INFORMATION SUPPLIED:
- Opening Delimiter -
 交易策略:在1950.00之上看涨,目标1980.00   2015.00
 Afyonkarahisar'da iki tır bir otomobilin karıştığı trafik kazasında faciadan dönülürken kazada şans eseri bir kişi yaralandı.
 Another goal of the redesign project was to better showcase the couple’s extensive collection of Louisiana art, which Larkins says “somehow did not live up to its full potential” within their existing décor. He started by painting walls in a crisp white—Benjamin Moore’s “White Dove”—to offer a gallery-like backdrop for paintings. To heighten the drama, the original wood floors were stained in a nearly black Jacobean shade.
- Closing Delimiter -
- Opening Delimiter -
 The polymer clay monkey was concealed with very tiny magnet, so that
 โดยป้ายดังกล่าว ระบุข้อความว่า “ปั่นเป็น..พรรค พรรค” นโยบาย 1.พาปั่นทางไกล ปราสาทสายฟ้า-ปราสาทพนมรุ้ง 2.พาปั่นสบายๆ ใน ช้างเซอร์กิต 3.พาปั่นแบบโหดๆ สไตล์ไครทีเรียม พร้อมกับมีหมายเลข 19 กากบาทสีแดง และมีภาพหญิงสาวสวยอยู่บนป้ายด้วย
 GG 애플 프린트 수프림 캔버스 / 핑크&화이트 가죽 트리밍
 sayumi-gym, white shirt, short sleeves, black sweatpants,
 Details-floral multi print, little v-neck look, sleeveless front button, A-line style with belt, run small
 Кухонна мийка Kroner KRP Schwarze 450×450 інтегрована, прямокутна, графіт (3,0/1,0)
- Closing Delimiter -
- Opening Delimiter -
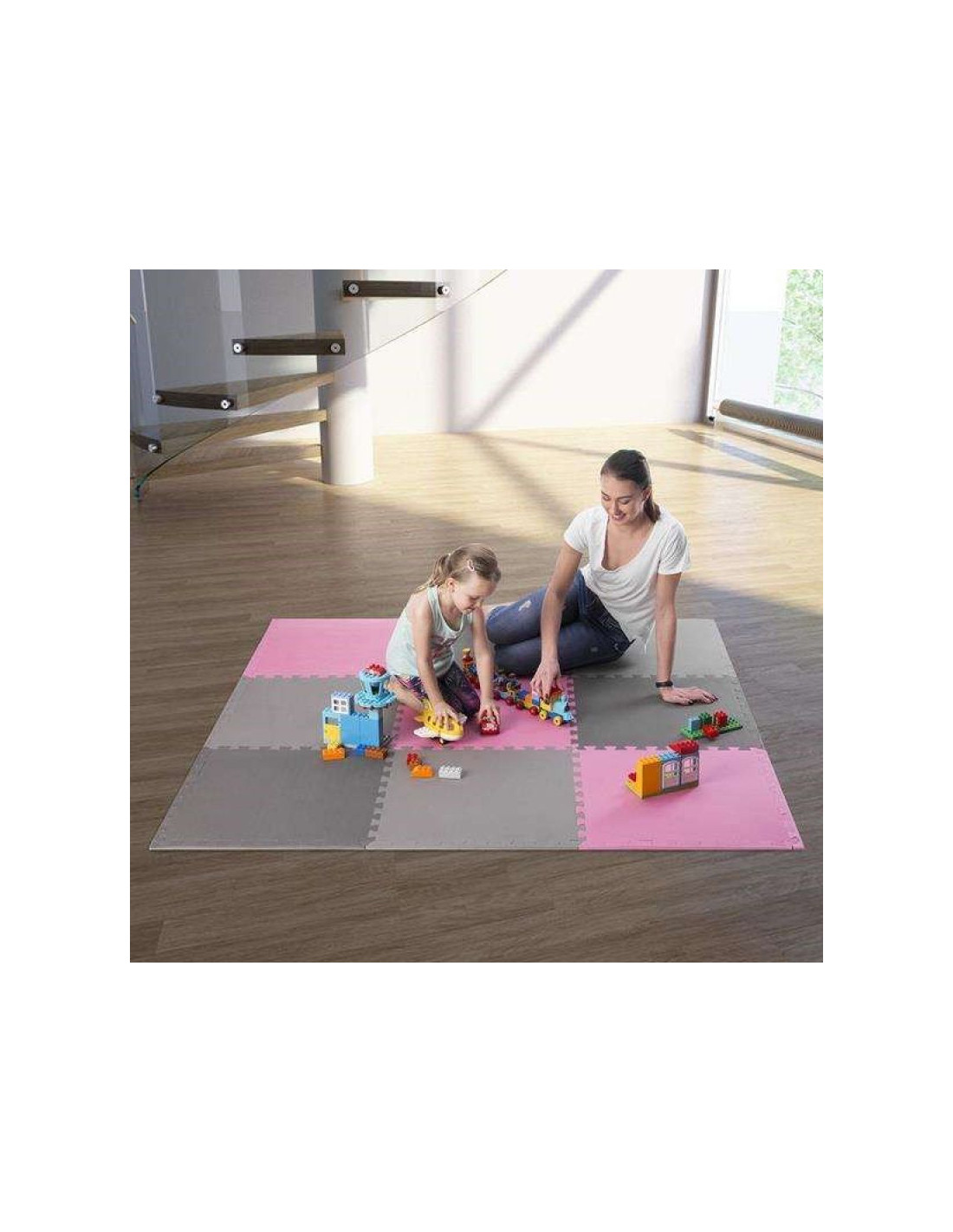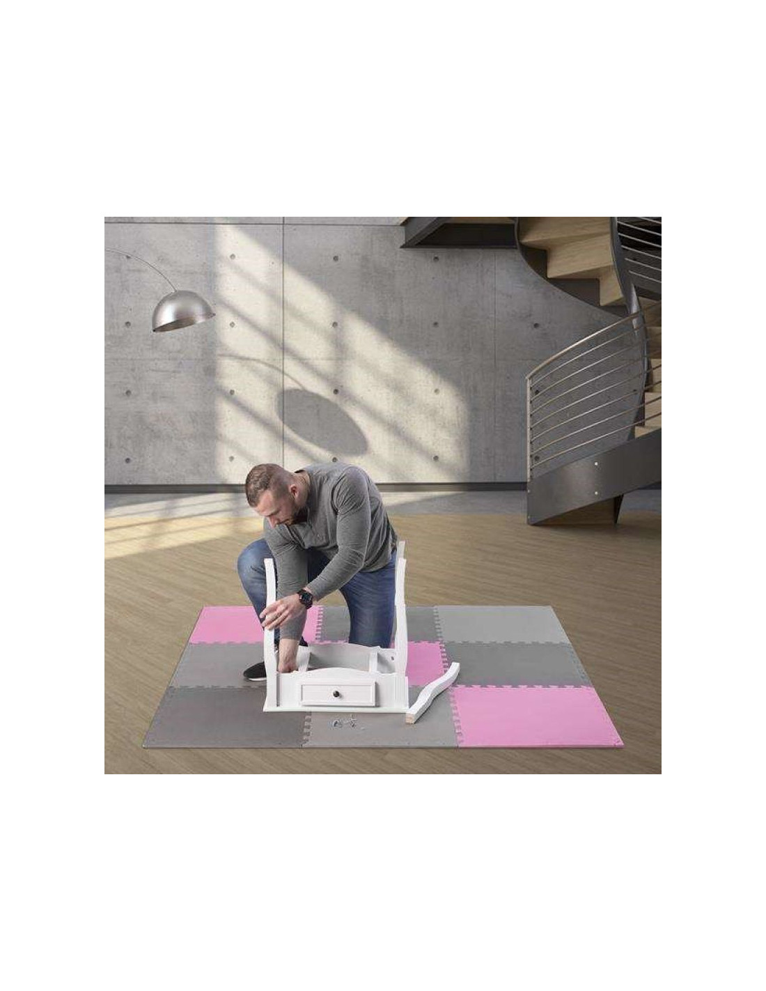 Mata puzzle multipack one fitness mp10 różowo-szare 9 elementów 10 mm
- Closing Delimiter -
PROBLEM: Whenever a line of the data includes "black", copy that line.

ANSWER TO THE PROBLEM:
 Another goal of the redesign project was to better showcase the couple’s extensive collection of Louisiana art, which Larkins says “somehow did not live up to its full potential” within their existing décor. He started by painting walls in a crisp white—Benjamin Moore’s “White Dove”—to offer a gallery-like backdrop for paintings. To heighten the drama, the original wood floors were stained in a nearly black Jacobean shade.
 sayumi-gym, white shirt, short sleeves, black sweatpants,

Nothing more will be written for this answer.